Surabaya (beritajatim.com) – Direktur Polisi Pamong Praja dan Perlindungan Masyarakat Kementerian Dalam Negeri, Bernhard Rondonuwu, menegaskan perlunya transformasi besar terhadap peran Satuan Polisi Pamong Praja (Satpol PP) di Indonesia. Selama ini, citra Satpol PP kerap dipersepsikan negatif sebagai aparat yang hanya bertugas menertibkan dengan cara menakutkan.
Bernhard menyampaikan bahwa paradigma tersebut harus diubah. Menurutnya, Satpol PP perlu tampil lebih strategis, responsif, sekaligus dekat dengan masyarakat, serupa dengan citra petugas pemadam kebakaran yang dikenal humanis dan penuh simpati.
“Persepsi yang menakutkan itu harus kita ubah. Kami ingin masyarakat melihat Satpol PP sebagai mitra yang terbuka, ramah, dan bahkan dirindukan kehadirannya,” ujar Bernhard dalam Konsultasi Nasional yang digelar Komnas Perempuan di Jakarta, Kamis (21/8/2025).
Dorong SOP Berperspektif HAM dan Gender
Untuk mewujudkan hal tersebut, Kemendagri tengah mendorong penyusunan Standar Operasional Prosedur (SOP) Satpol PP yang berperspektif HAM dan gender dengan prinsip non-diskriminasi. Bernhard berharap pedoman baru ini bisa diterapkan di seluruh jajaran Satpol PP, terutama saat melakukan penegakan peraturan daerah (perda).
Dalam praktiknya, pendekatan persuasif seperti mediasi dan negosiasi akan lebih diutamakan ketimbang tindakan represif. Anggota Satpol PP pun diharapkan meningkatkan kemampuan komunikasi publik agar lebih mudah membangun kepercayaan masyarakat.
Bernhard mengungkapkan, hingga kini terdapat lebih dari 7.000 perda yang berlaku di Indonesia. Namun, sebagian besar anggota Satpol PP hanya memahami sebagian kecil saja. Kondisi ini menunjukkan perlunya peningkatan kapasitas dan bimbingan teknis (bimtek) agar tidak terjadi perbedaan perspektif dalam penegakan aturan di lapangan.

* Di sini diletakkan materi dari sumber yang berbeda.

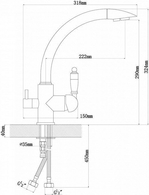 Описание смеситель для кухни,смеситель для кухни с подключением фильтра Florentina 333.27H.2113.720
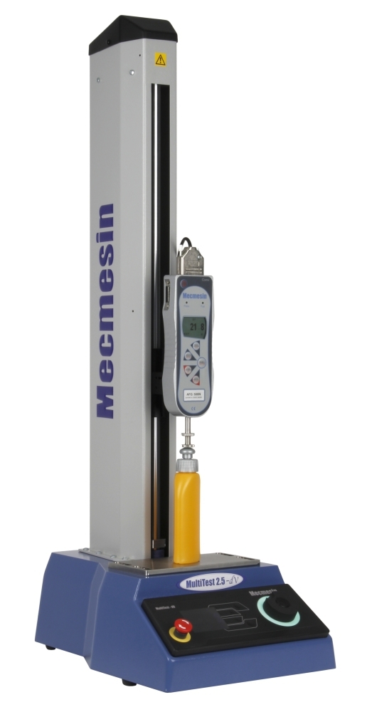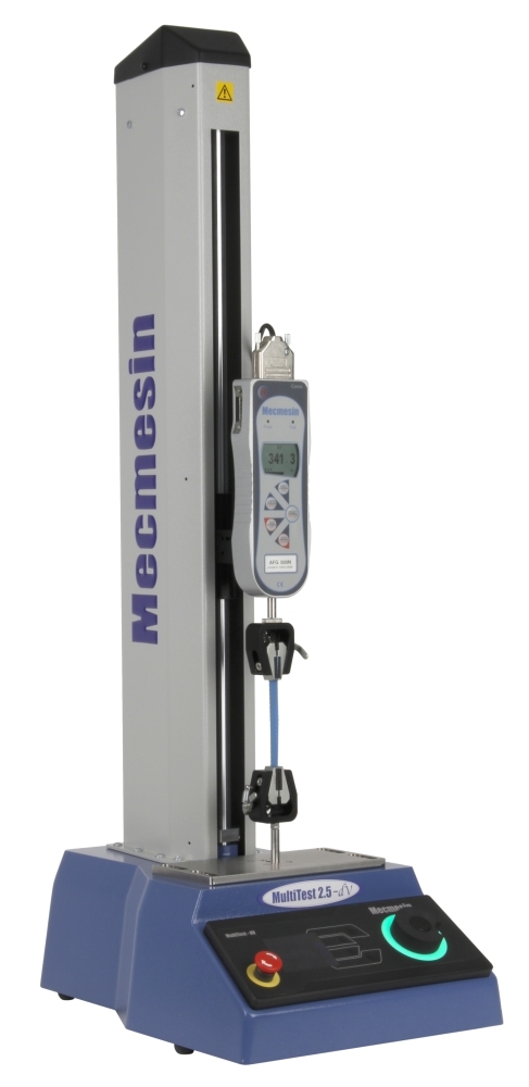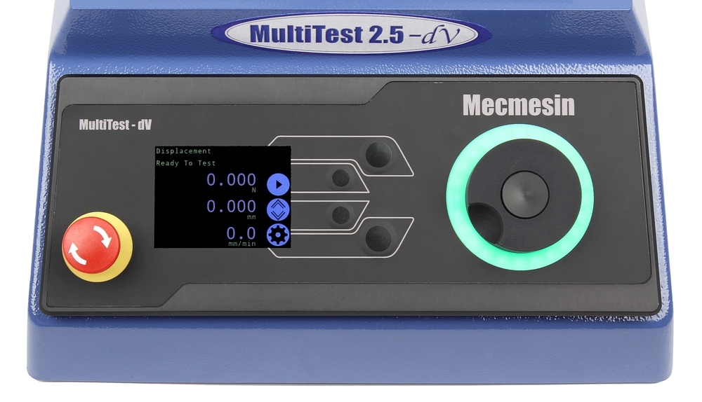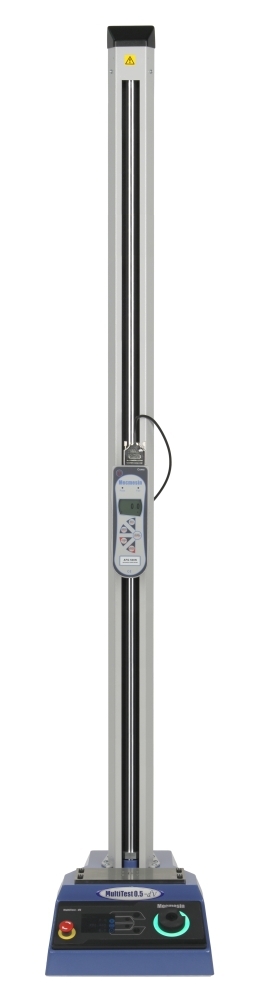 Motorický stojan model MULTITEST 0.5-dV, maximální síla 500N, posuv příčníku plynule regulovatelný 0.1-1200mm/min, digitální měření posuvu s rozlišením 0.001mm, funkce: ruční řízení / jeden cyklus / cyklování, zobrazení posuvu a rychlosti na displeji, možnost ovládání ze siloměru AFG, stavitelný horní a dolní doraz, výstup na počítač, lze upevnit siloměry MECMESIN model AFG a BFG, možnost činnosti v horizontální poloze. Maximální posuv 1200mm.

Selain itu, rendahnya angka laporan masyarakat kepada Satpol PP, yakni hanya sekitar 30–40 persen, juga menjadi catatan penting. Menurut Bernhard, hal ini menandakan masih adanya kesenjangan komunikasi antara masyarakat dan institusi tersebut.

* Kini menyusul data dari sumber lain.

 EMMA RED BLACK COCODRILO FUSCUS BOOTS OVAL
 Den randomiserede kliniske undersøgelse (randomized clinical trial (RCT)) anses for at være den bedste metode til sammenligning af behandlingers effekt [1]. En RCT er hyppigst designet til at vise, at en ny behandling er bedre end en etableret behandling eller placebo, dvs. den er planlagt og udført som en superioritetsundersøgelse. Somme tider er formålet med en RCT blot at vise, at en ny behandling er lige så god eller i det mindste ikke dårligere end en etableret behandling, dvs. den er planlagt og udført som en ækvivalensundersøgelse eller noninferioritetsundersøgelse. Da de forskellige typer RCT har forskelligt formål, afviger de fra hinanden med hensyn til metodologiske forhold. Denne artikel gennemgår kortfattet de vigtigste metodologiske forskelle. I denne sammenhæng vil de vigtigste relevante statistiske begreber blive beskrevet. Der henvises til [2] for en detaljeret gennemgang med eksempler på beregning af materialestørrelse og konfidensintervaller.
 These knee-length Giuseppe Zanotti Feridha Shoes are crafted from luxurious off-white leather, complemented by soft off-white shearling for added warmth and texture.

“Sekarang masyarakat banyak melihat Satpol PP lewat media sosial. Karena itu, kami mendorong agar Satpol PP di daerah aktif membagikan kegiatan mereka secara digital, supaya lebih mudah diapresiasi publik,” jelasnya.
Menuju Citra Baru Satpol PP
Transformasi ini juga mencakup penyusunan norma, standar, hingga indeks kinerja yang seragam di seluruh Indonesia. Dengan begitu, Satpol PP tidak hanya dipandang sebagai penegak perda, tetapi juga garda terdepan dalam pelayanan dan perlindungan masyarakat.
Bernhard optimistis, perubahan ini akan membawa pergeseran citra Satpol PP di mata publik, dari yang sebelumnya dipandang keras menjadi lebih humanis, dari antipati menjadi simpati, bahkan dari benci menjadi rindu.
Sebagai tindak lanjut, Kemendagri akan menggelar Rapat Koordinasi Nasional Satpol PP pada pertengahan September 2025 mendatang. Forum tersebut diharapkan menjadi momentum untuk menegaskan bahwa setiap pelaksanaan tugas Satpol PP, khususnya dalam penegakan perda, harus berlandaskan perspektif gender dan HAM.
“Perspektif HAM dan gender yang kita inginkan di jajaran Satpol PP adalah prinsip non-diskriminasi. Mereka akan dibekali peningkatan kompetensi, termasuk pemahaman yang lebih baik terkait pelaksanaan di lapangan,” tutup Bernhard. [mnd/aje]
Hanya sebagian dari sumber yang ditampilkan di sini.